Nonautonomous symmetries of the KdV equation and step-like solutions

TL;DR

This paper investigates special solutions of the KdV equation governed by nonautonomous symmetries, revealing a family of step-like solutions that model decay of initial discontinuities, with implications for the Gurevich–Pitaevskii problem.

Contribution

It introduces a new class of solutions to the KdV equation derived from non-commutative symmetry constraints, connecting them to degenerate P5 equations and decay phenomena.

Findings

Identification of a 3-parameter family of solutions with oscillatory behavior near u=1.
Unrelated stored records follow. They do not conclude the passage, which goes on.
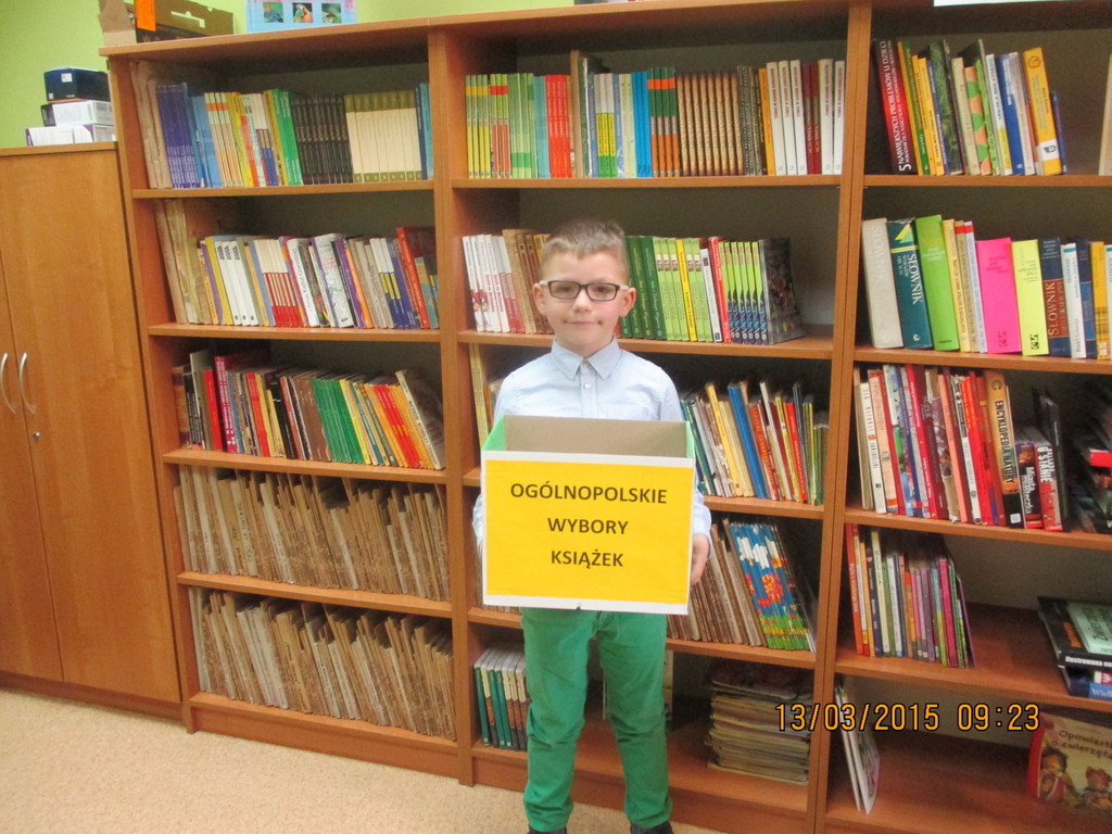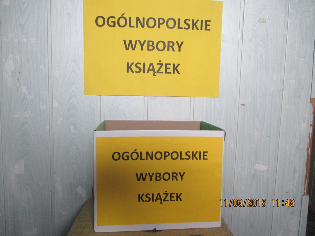 Uczniowie naszej szkoły wzięli udział w akcji Ogólnopolskie Wybory Książek. Uczestnicy głosowali na najciekawsze książki, które czytali w ciągu ostatnich dwóch lat. Dzięki tym wyborom nasza szkoła weźmie udział w losowaniu książek do biblioteki szkolnej.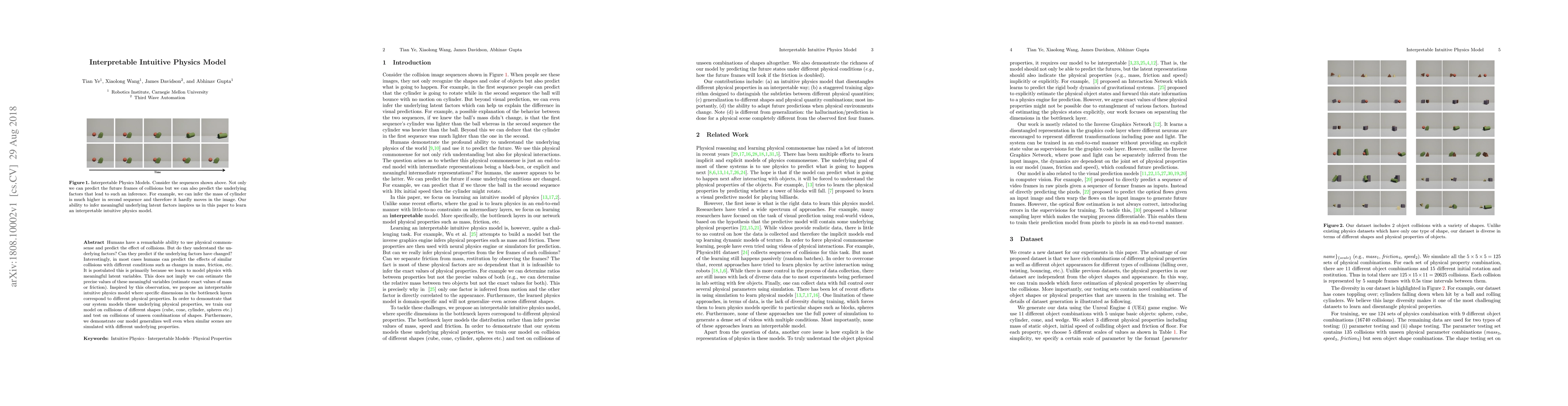 Humans have a remarkable ability to use physical commonsense and predict the effect of collisions. But do they understand the underlying factors? Can they predict if the underlying factors have changed? Interestingly, in most cases humans can predict the effects of similar collisions with different conditions such as changes in mass, friction, etc. It is postulated this is primarily because we learn to model physics with meaningful latent variables. This does not imply we can estimate the precise values of these meaningful variables (estimate exact values of mass or friction). Inspired by this observation, we propose an interpretable intuitive physics model where specific dimensions in the bottleneck layers correspond to different physical properties. In order to demonstrate that our system models these underlying physical properties, we train our model on collisions of different shapes (cube, cone, cylinder, spheres etc.) and test on collisions of unseen combinations of shapes. Furthermore, we demonstrate our model generalizes well even when similar scenes are simulated with different underlying properties.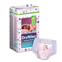 Dry Nites wurden für Kinder entwickelt, die an Enuresis (Bettnässen) leiden, um ihre Kleidung und Bettwäsche zu schützen. Dry Nites Nachtwindeln sind wie Unterwäsche und können unauffällig unter Schlafanzügen oder Nachtwäsche getragen werden. Das für den einmaligen Gebrauch bestimmte Produkt kommt mit der Haut des Anwenders direkt in Berührung und wird in der Regel nur nachts getragen.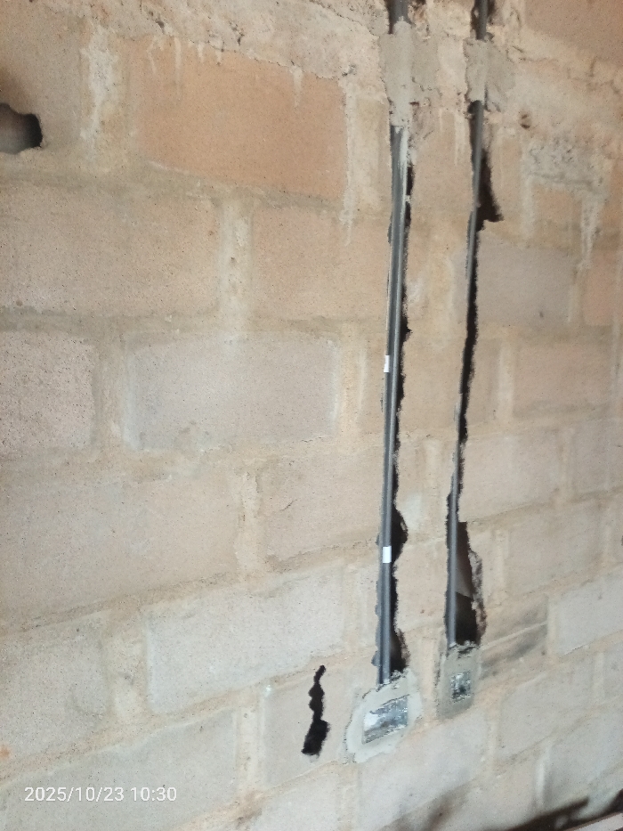 The image displays an interior concrete block wall in a building under construction or renovation, potentially located in Enugu, Nigeria. The wall consists of light-colored, unpainted concrete blocks with visible mortar joints. Two vertical channels are carved into the wall, each approximately 2-3 inches wide, housing gray electrical conduits. These conduits are embedded into the channels, with small white markers or tape pieces affixed to them at intervals. At the bottom of each channel, a rectangular electrical outlet box is recessed into the wall and partially secured with fresh, light-gray cement or plaster. The left box appears to be a single-gang unit, while the right is a double-gang unit. The surrounding wall surface exhibits rough-cut edges and textured variations typical of construction. No individuals are visible. A digital timestamp "2025/10/23 10:30" is present in the lower-left corner. Specific identification of a precise location within Enugu is not possible based solely on the visual information provided.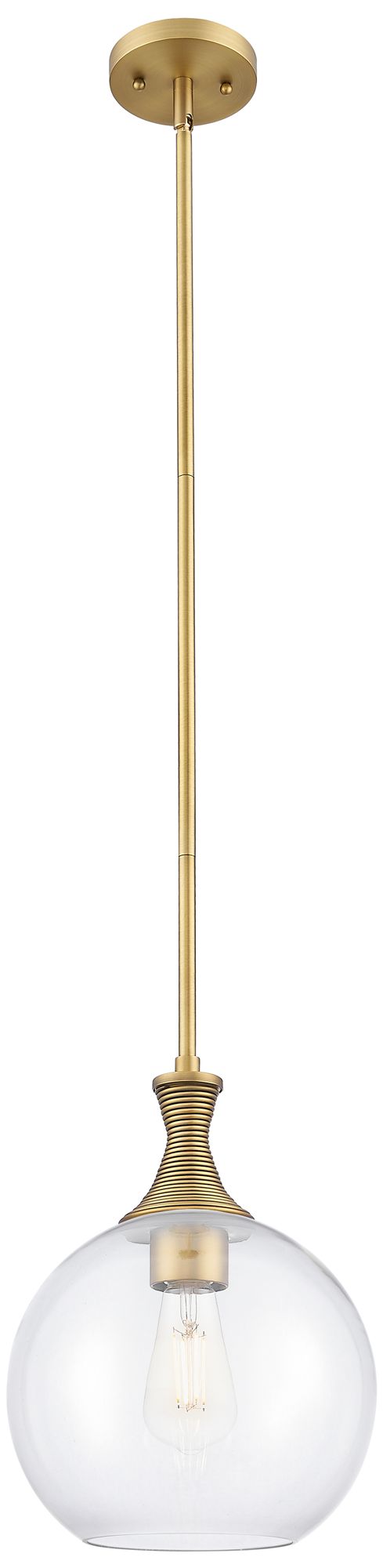 Downtown Astor 10"W Metal Brushed Brass Mini Pendant w/ Clear Shade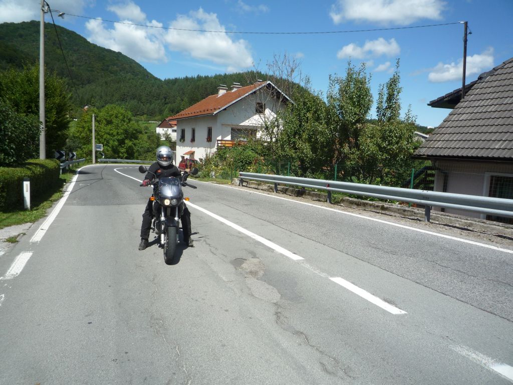 Before I knew it, Italian road signs changed to Slovenian and I was on the west end of the Slovenian Alps. The roads gradually narrowed, the surface appeared more and more eroded, and traffic increased as I passed from one little town to another, gingerly testing the waters to see if the good Slovenian people had the same indulgence to eager lane splitting motorcyclists as the Germans and Italians did. They appeared to, so I continued.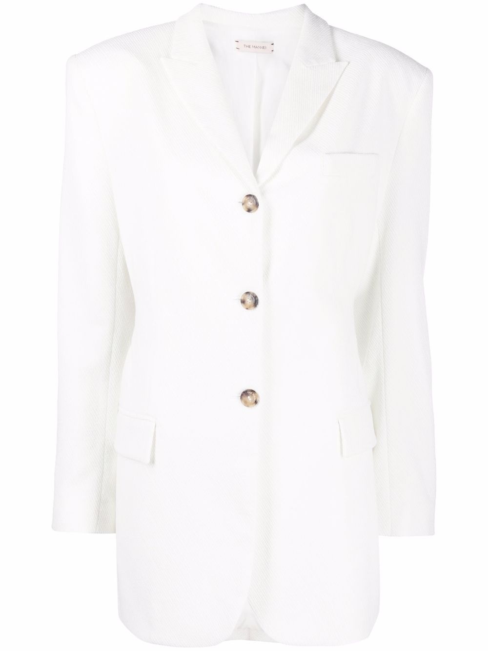 Edynburg blazer jacket white cotton blend peak lapels chest welt pocket front button fastening long sleeves two front flap pockets belted waist straight hem side slits Imported Composition Outer: Leather 100%, Cotton 82%, Polyamide 16%, Spandex/Elastane 2% Lining: Viscose 55%, Polyamide 35%, Silk 10% SIZE & FIT Model measurements Height 5 ft 10 in(1.78 m) Bust/Chest 31.88 in(81 cm) Hips 34.64 in(88 cm) Waist 24.01 in(61 cm) FittingInformation This piece fits true to size. We recommend you get your regular size Cut for a slim fit Made with a mid-weight fabric Washing instructions Dry Clean Only

Discovery of a two-parameter subfamily of step-like solutions with power-law asymptotics.

Application of these solutions to model decay of initial discontinuities in the Gurevich–Pitaevskii problem.

Abstract

We study solutions of the KdV equation governed by a stationary equation for symmetries from the non-commutative subalgebra, namely, for a linear combination of the master-symmetry and the scaling symmetry. The constraint under study is equivalent to a sixth order nonautonomous ODE possessing two first integrals. Its generic solutions have a singularity on the line $t=0$. The regularity condition selects a 3-parameter family of solutions which describe oscillations near $u=1$ and satisfy, for $t=0$, an equation equivalent to degenerate $P_5$ equation. Numerical experiments show that in this family one can distinguish a two-parameter subfamily of separatrix step-like solutions with power-law approach to different constants for $x\to\pm\infty$. This gives an example of exact solution for the Gurevich--Pitaevskii problem on decay of the initial discontinuity.